Items from a dataset:
*** Begin section ***

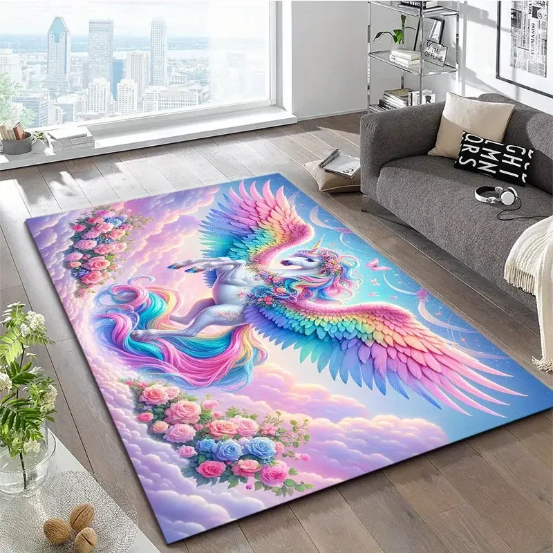 Rainbow Unicorn Carpet for Girls Bedroom Living Room Decor Sofa Rug Children’s Playroom Play Mat Gifts for Girls Christmas Gift
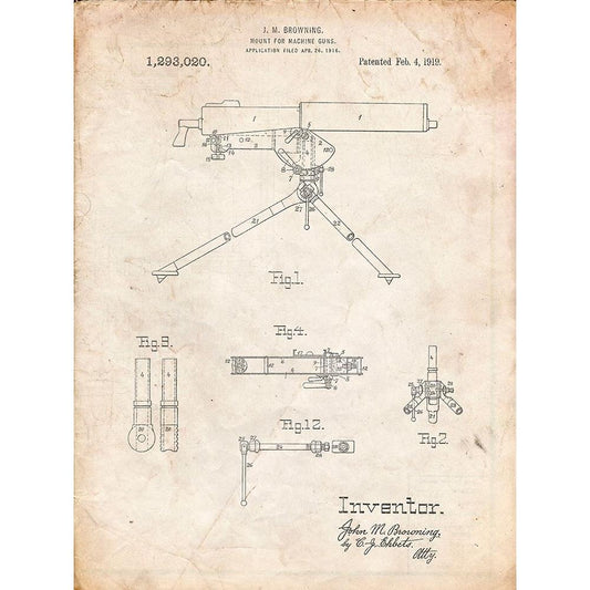PP964-Vintage Parchment Mount for Machine Gun Patent Poster Black Modern Wood Framed Art Print with Double Matting by Borders, Cole
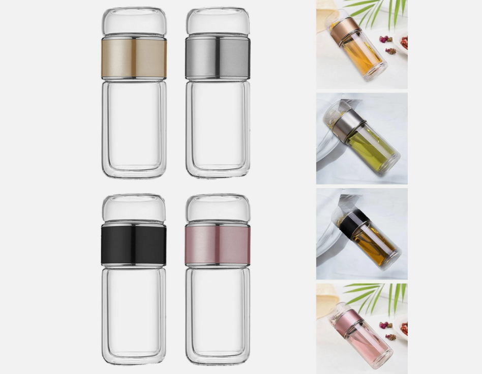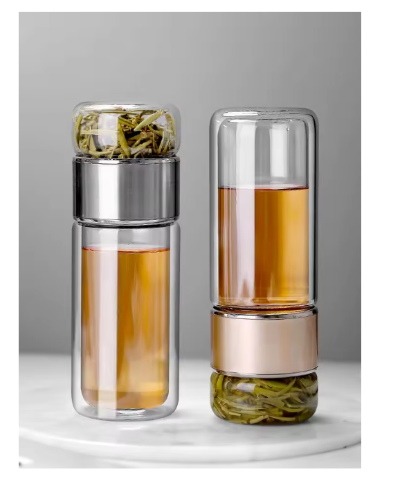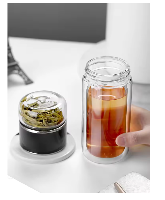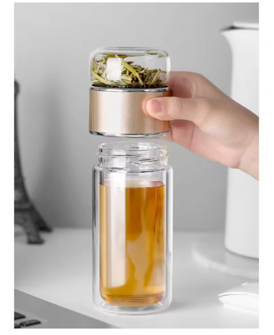 كوب زجاجي مزدوج الطبقات لتخمير الشاي 500 ملي
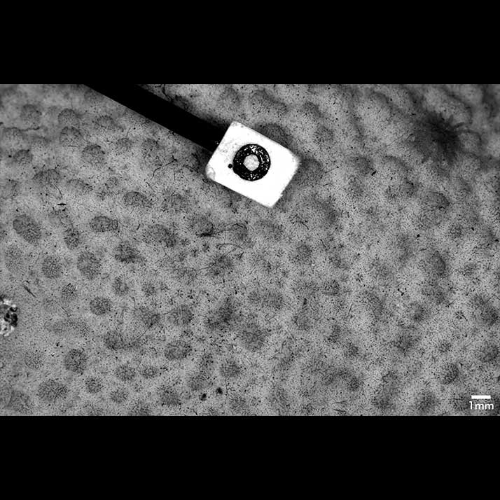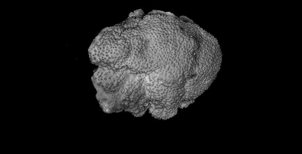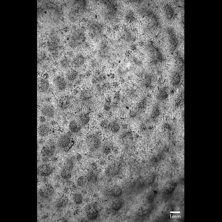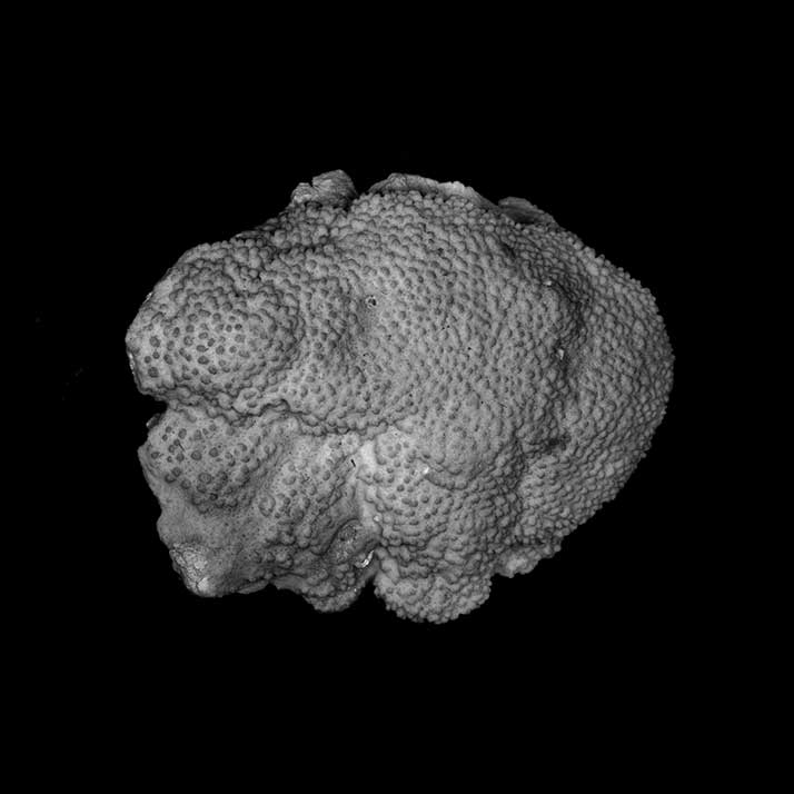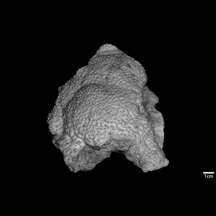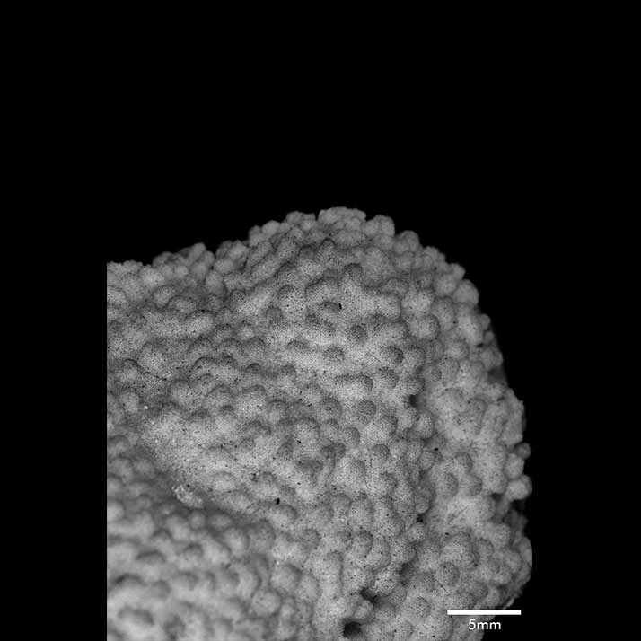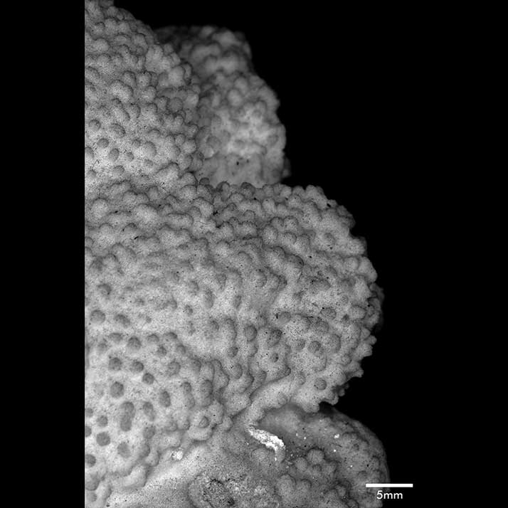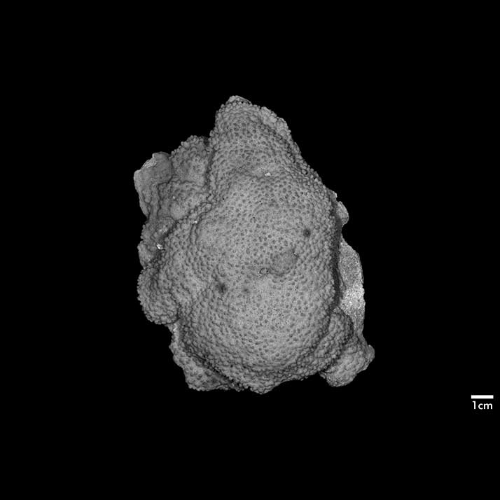 Corallum encrusting on old stock forming massive colony 12 x 8.3 cm across, 6 cm maximum height. Edge closely adhering, only very narrow strip free in some areas; epithecate. Surface evenly dotted all over with mostly nipple-shaped papillae, except near edge where some areas are smooth.
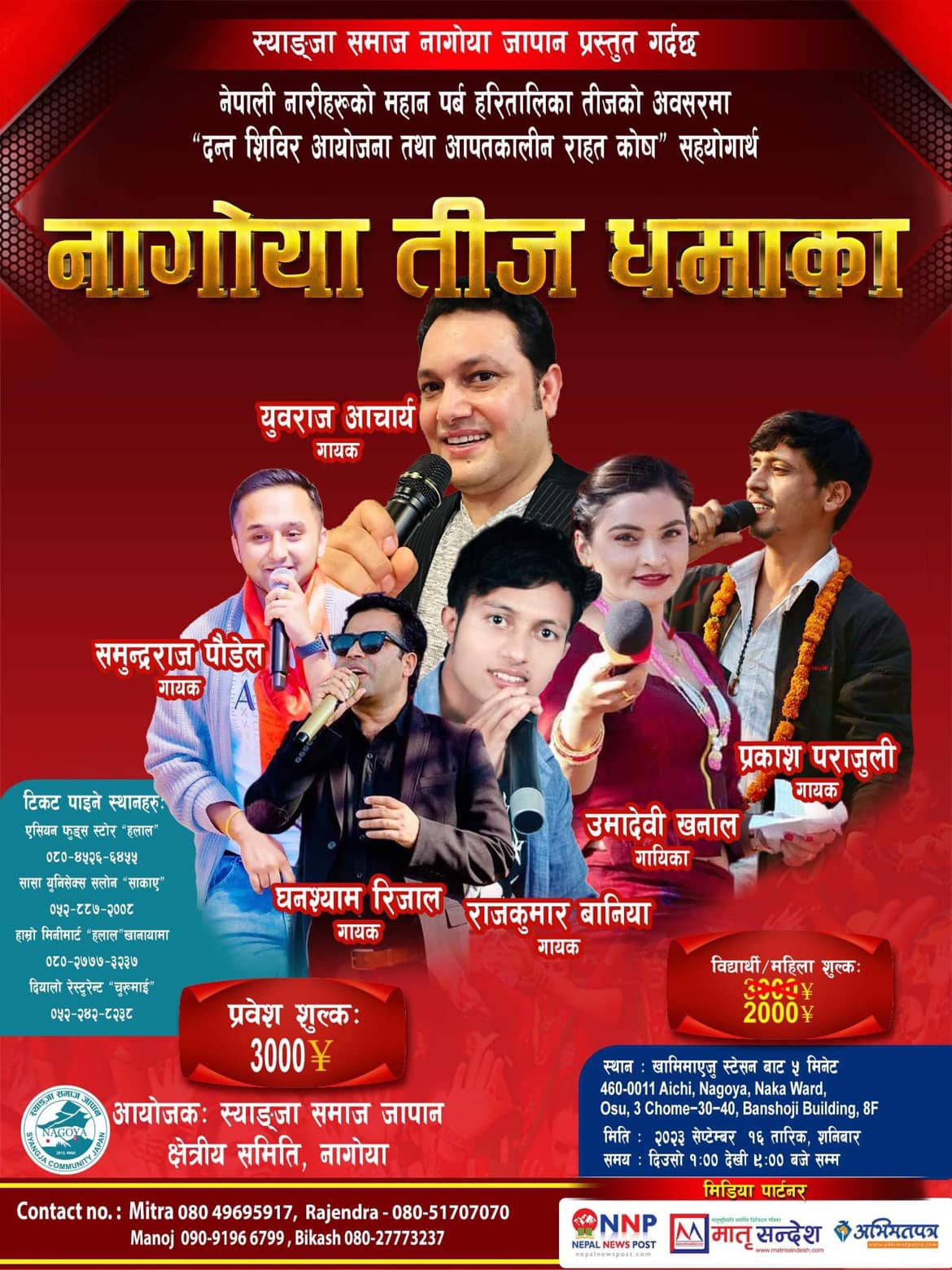 यस बर्ष पनि स्यांगजा समाज जापान र स्यांगजा समाज क्षेत्रिय समिती नागोयाले आयोजना गरेको तिज धमाका कार्यक्रममा यहाहरु सबैजनालाई हार्दिक निमन्त्रणा गर्दछौ

*** End section ***

The copy must begin at the line containing "كوب زجاجي مزدوج الطبقات لتخمير الشاي 500 ملي" and end at the last line of the data above, with every line retyped exactly and no pictures included.

### Response box
 كوب زجاجي مزدوج الطبقات لتخمير الشاي 500 ملي
 Corallum encrusting on old stock forming massive colony 12 x 8.3 cm across, 6 cm maximum height. Edge closely adhering, only very narrow strip free in some areas; epithecate. Surface evenly dotted all over with mostly nipple-shaped papillae, except near edge where some areas are smooth.
 यस बर्ष पनि स्यांगजा समाज जापान र स्यांगजा समाज क्षेत्रिय समिती नागोयाले आयोजना गरेको तिज धमाका कार्यक्रममा यहाहरु सबैजनालाई हार्दिक निमन्त्रणा गर्दछौ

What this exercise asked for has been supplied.